Why does $\{1\cdot a\! \! \pmod p, 2\cdot a\! \! \pmod p,\ldots, (p-1)\cdot a\! \! \pmod p\}$ $= \{1, 2,\ldots, p-1\}$ when $a$ and $p$ are coprime?

Question

Why is it that $\{1\cdot a \pmod p, 2\cdot a \pmod p,\ldots, (p-1)\cdot a \pmod p\} = \{1, 2,\ldots, p-1\}$ (albeit in a different order) when a and p are coprimes?

I can't figure this out and I've been beating my head for the whole weekend.

Googling around I've found mention of Fermat's Little Theorem (e.g. here), but I can't see how it helps me.

I've verified it by hand, it seems perfectly believable to me (mostly because I find myself thinking of the way the circle of fifths works), but I can't come up with a good proof.

Any help, pretty please?

Thanks a lot.

P.S.: Pardon my English. I'm from the land of pizza and mandolins.

Answer 1

Suppose $ra$ and $sa$ are the same, modulo $p$. Then $sa-ra$ is a multiple of $p$. So $(s-r)a$ is a multiple of $p$. But by hypothesis $a$ and $p$ are coprime, so $s-r$ is a multiple of $p$. But if $r$ and $s$ are between 1 and $p-1$, inclusive, then $s-r$ can't be a multiple of $p$ unless $r=s$.
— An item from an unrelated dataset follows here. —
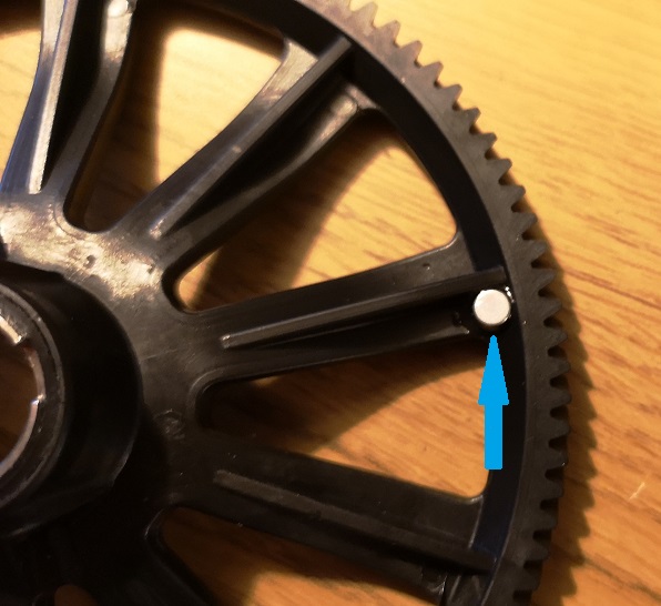 霍尔效应传感器可能是最常用的传感器,在足够强的磁场作用下,其输出电压会发生变化。磁铁需要固定在需要测量的旋转部件上。对于旋翼飞行器来说,这就需要在自动旋转尾翼驱动轮上开孔或凹槽,然后将磁铁粘贴到位(如下图所示)。对于 ICE,磁铁将安装在输出轴上。

This shows that all the numbers in the first set in your question are different. Since zero doesn't appear in that set, and since there are $p-1$ numbers in that set, they must be the same as the numbers in the second set in your question.

Answer 2

If it weren't the case, that would mean that you can get back to the same place in $n\lt p$ steps of $a$; that is, we would have $na=kp$ for some integer $k$. But $a$ and $p$ are coprime, so all the factors of $p$ have to come from $n$, which contradicts $n\lt p$.

Answer 3

This can be interpreted as a group-theoretic result: the set of numbers coprime to $n$ form a group under multiplication modulo $n$. The hardest part of this is showing that inverses exist. This follows from Bézout's theorem, which states that for any $a$ and $n$ there exist $x$ and $y$ coprime such that $ax + yn = \gcd(a,n)$. From this we can see that if $a$ and $n$ are coprime, i.e. $\gcd(a,n)=1$, then $ax$ is $1$ mod $n$, and $x$ must be coprime to $n$ too (because $\gcd(r,s)$ divides any combination of $r$ and $s$, and here we have a combination of $x$ and $n$ that gives 1), so $a$ has a multiplicative inverse modulo $n$.
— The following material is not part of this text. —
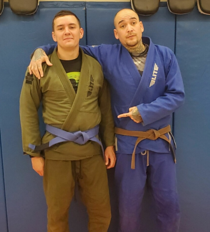 Caleb & coach Alex. Caleb, one of my main teammates that helped me level up. This is us with our fresh blue belts.
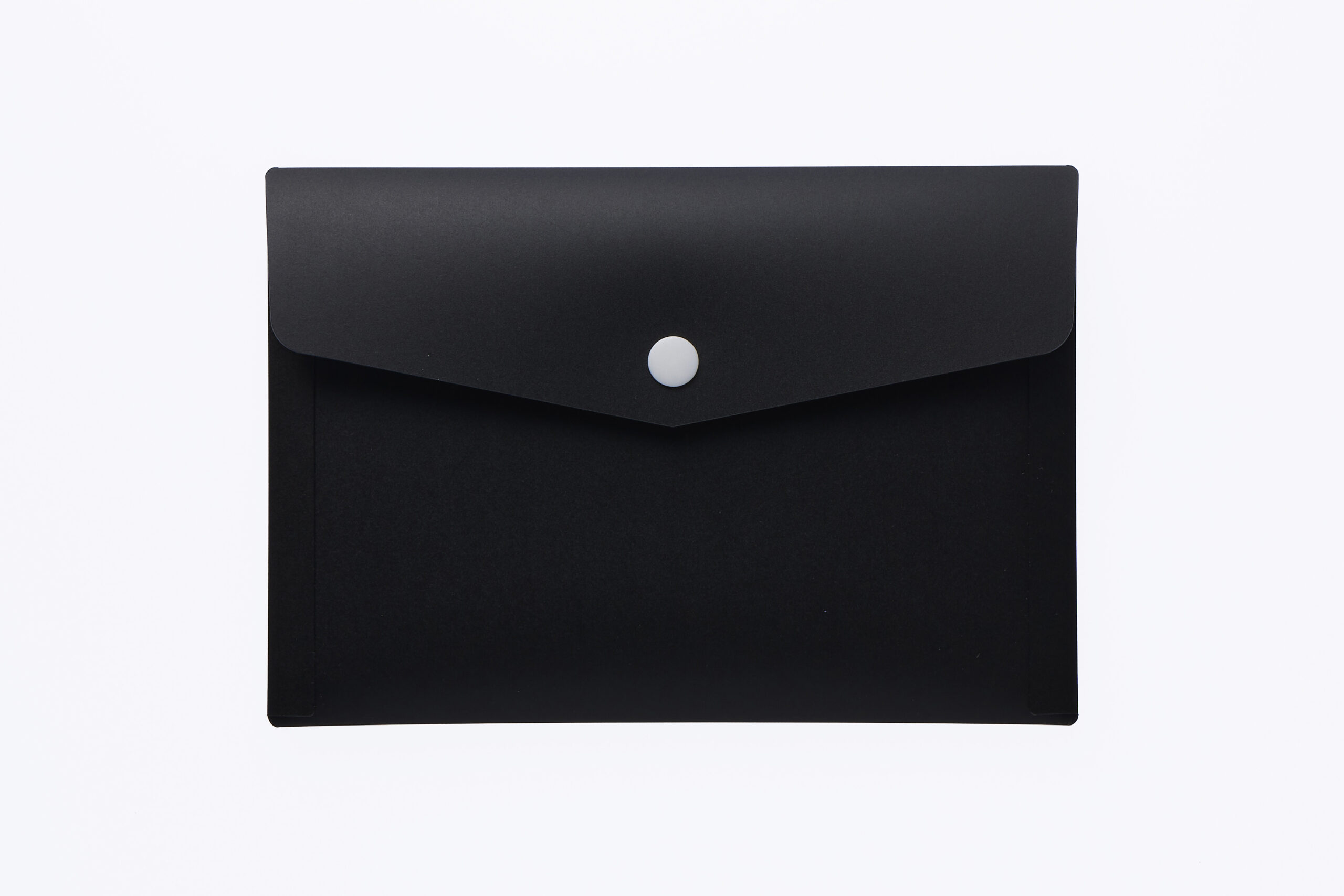・封筒(エンベロープ)型で、フラップとボタンにより開閉できるフラットなデザインです。

Anyway, once you've got that the set of numbers coprime to $n$ form a group under multiplication modulo $n$, that's essentially equivalent to saying the map "multiply by $a$" is a bijection modulo $n$. That's essentially the same as your original statement.
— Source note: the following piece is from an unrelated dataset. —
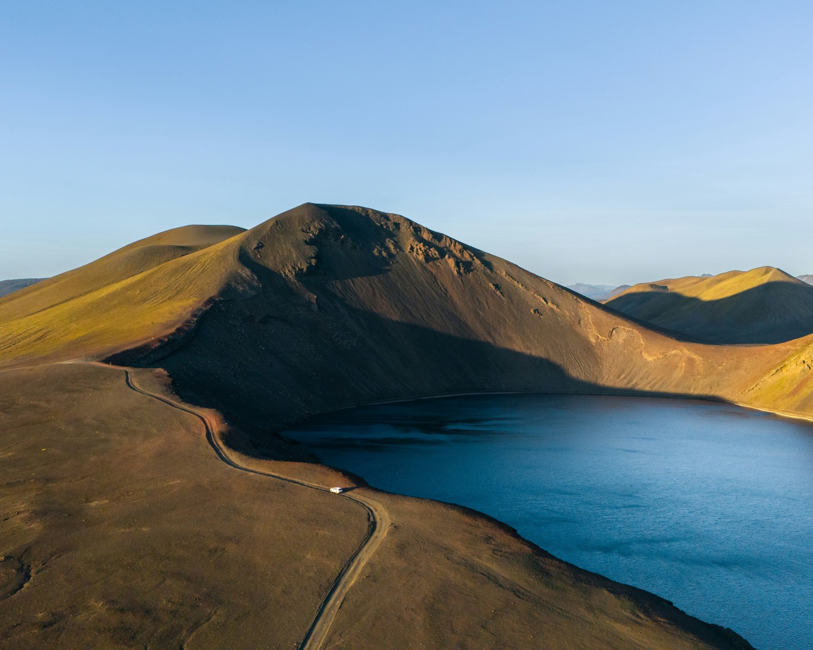 Mountains Clear Sky Lake Road Wallpaper - 1600x1280

(Technicality: we showed that multiply-by-$a$ is invertible in the group of numbers coprime to $n$ modulo $n$, when really what we wanted was for it to be invertible in the set of numbers modulo $n$, but it's not hard to see that the argument above extends to that case. I suppose what I'm really doing is showing that $a$ is a unit in the ring of numbers modulo $n$, and the group I mentioned is the group of units in that ring).

This answer uses some more heavyweight machinery than necessary, but I think it's a neat way of looking at the result.